Excerpts from a dataset:
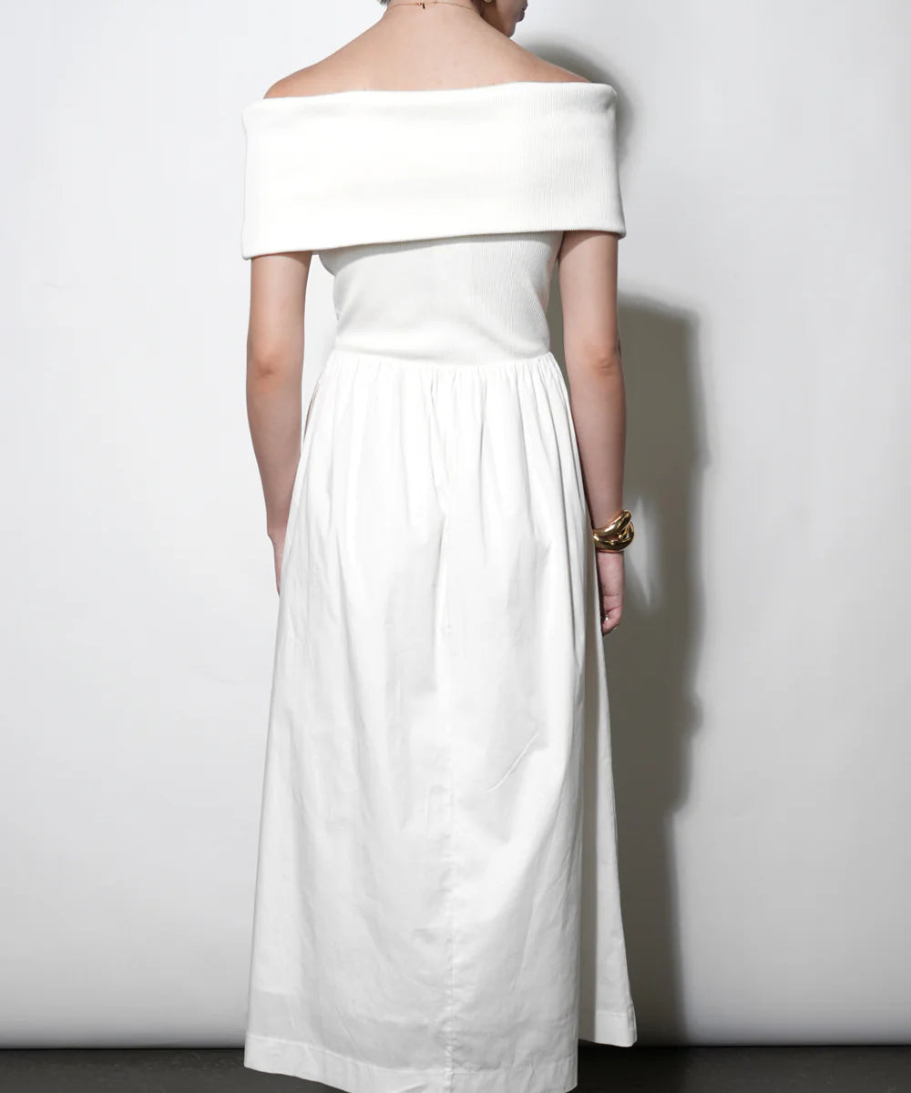 Marjorie Mixed Media Off Shoulder Midi Dress
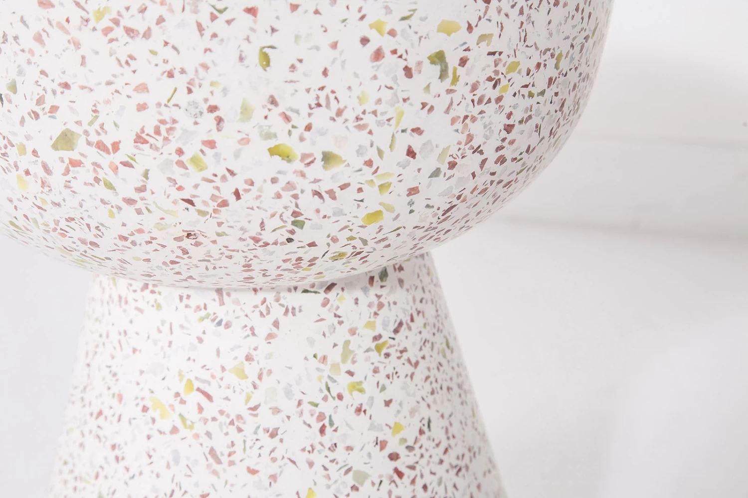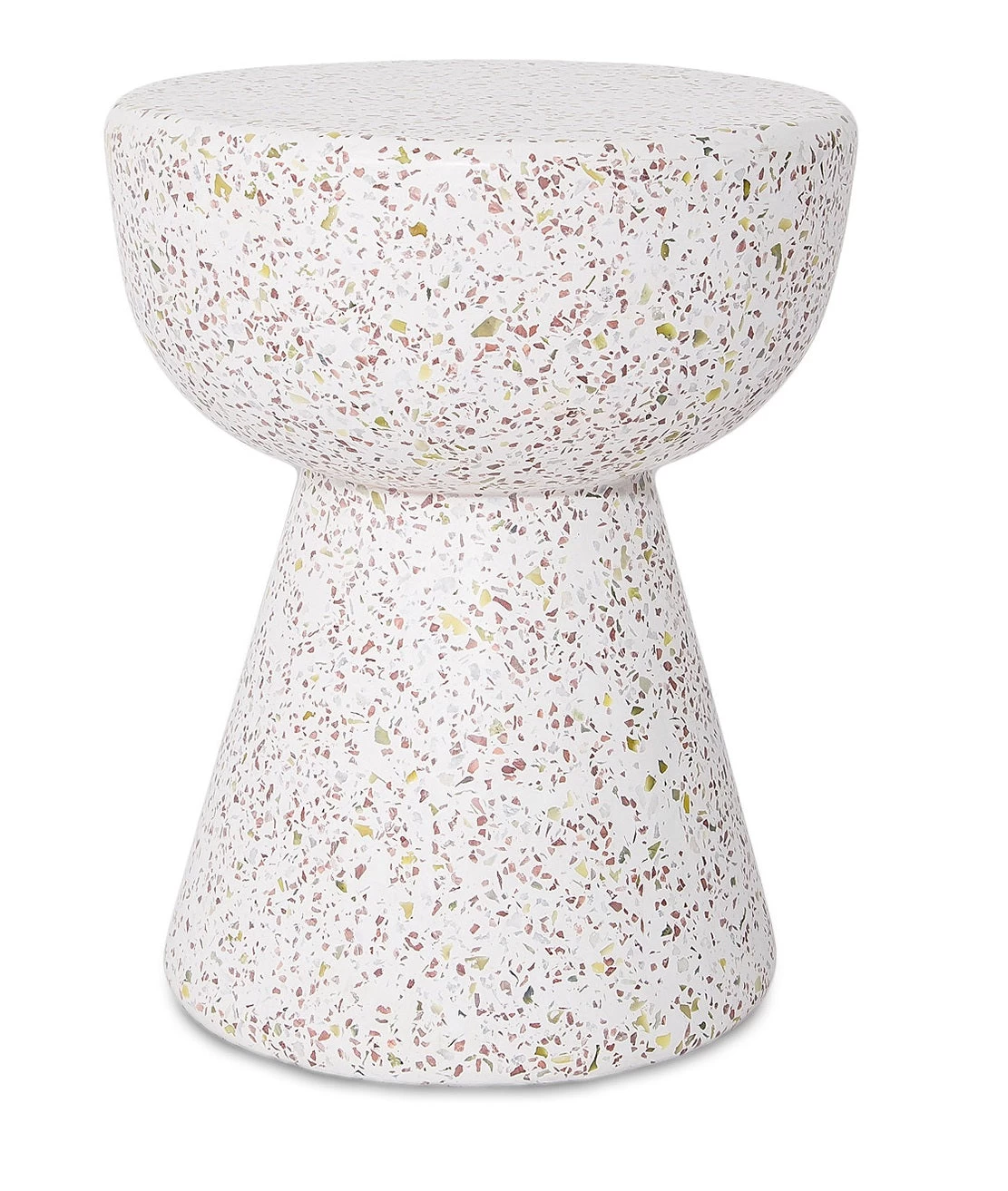 Our Terrazzo Concrete Stool, formed in white concrete and flecked with multi-coloured stone chips, is perfect as a stool, as extra settings or a super-stylish accent table indoors or out.
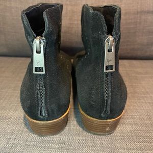 Gently used ankle boots. Suede with cute studded design. No rips or stains, they zip at the back, size 39.5.
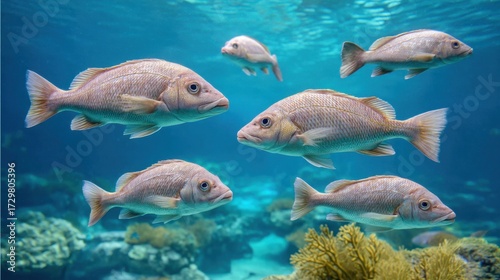 © 69, Naklejka premium Underwater Scene with Schools of Fish Swimming Gracefully in Blue Ocean Waters Near Coral Reefs and Marine Life in Natural Habitat
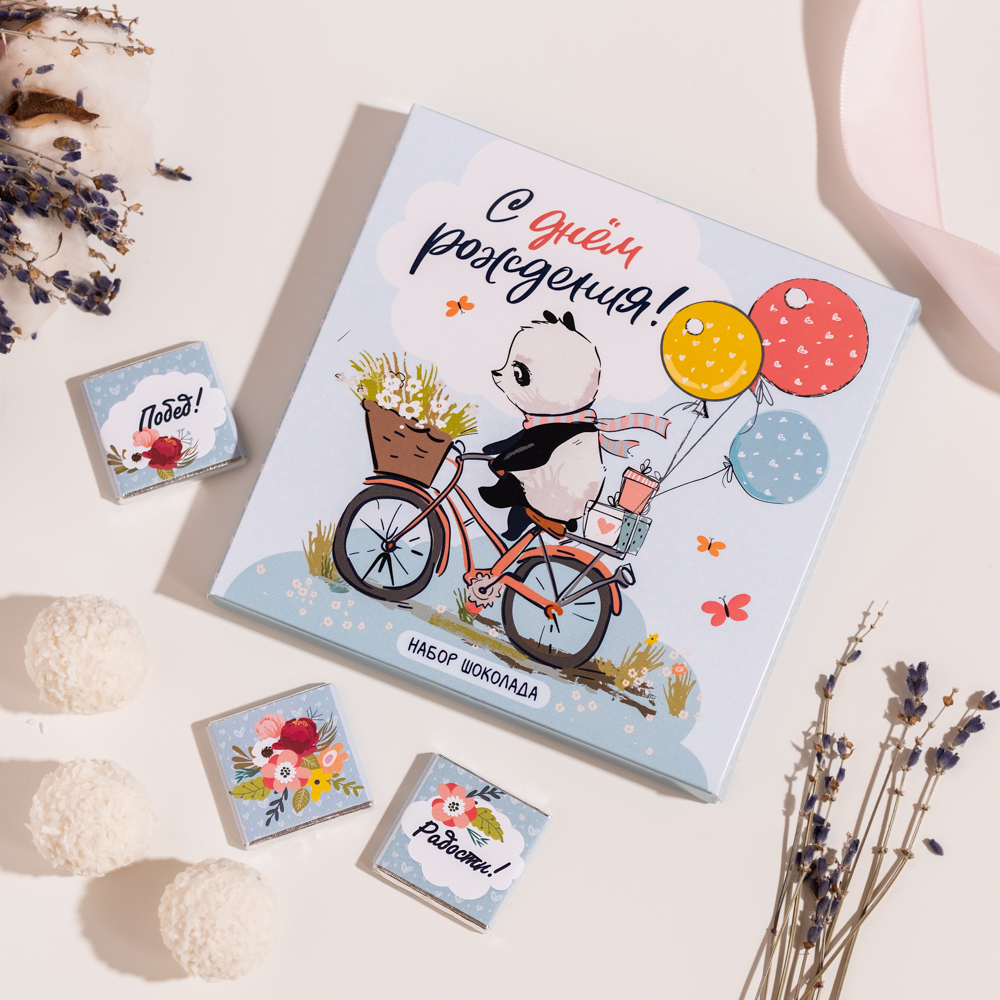 Набор 9 шоколадок "С днем рождения (панда на велосипеде)"

◆ PROBLEM TO SOLVE: Transcribe the records verbatim and omit the images.

◆ FINISHED EXERCISE:
 Marjorie Mixed Media Off Shoulder Midi Dress
 Our Terrazzo Concrete Stool, formed in white concrete and flecked with multi-coloured stone chips, is perfect as a stool, as extra settings or a super-stylish accent table indoors or out.
 Gently used ankle boots. Suede with cute studded design. No rips or stains, they zip at the back, size 39.5.
 © 69, Naklejka premium Underwater Scene with Schools of Fish Swimming Gracefully in Blue Ocean Waters Near Coral Reefs and Marine Life in Natural Habitat
 Набор 9 шоколадок "С днем рождения (панда на велосипеде)"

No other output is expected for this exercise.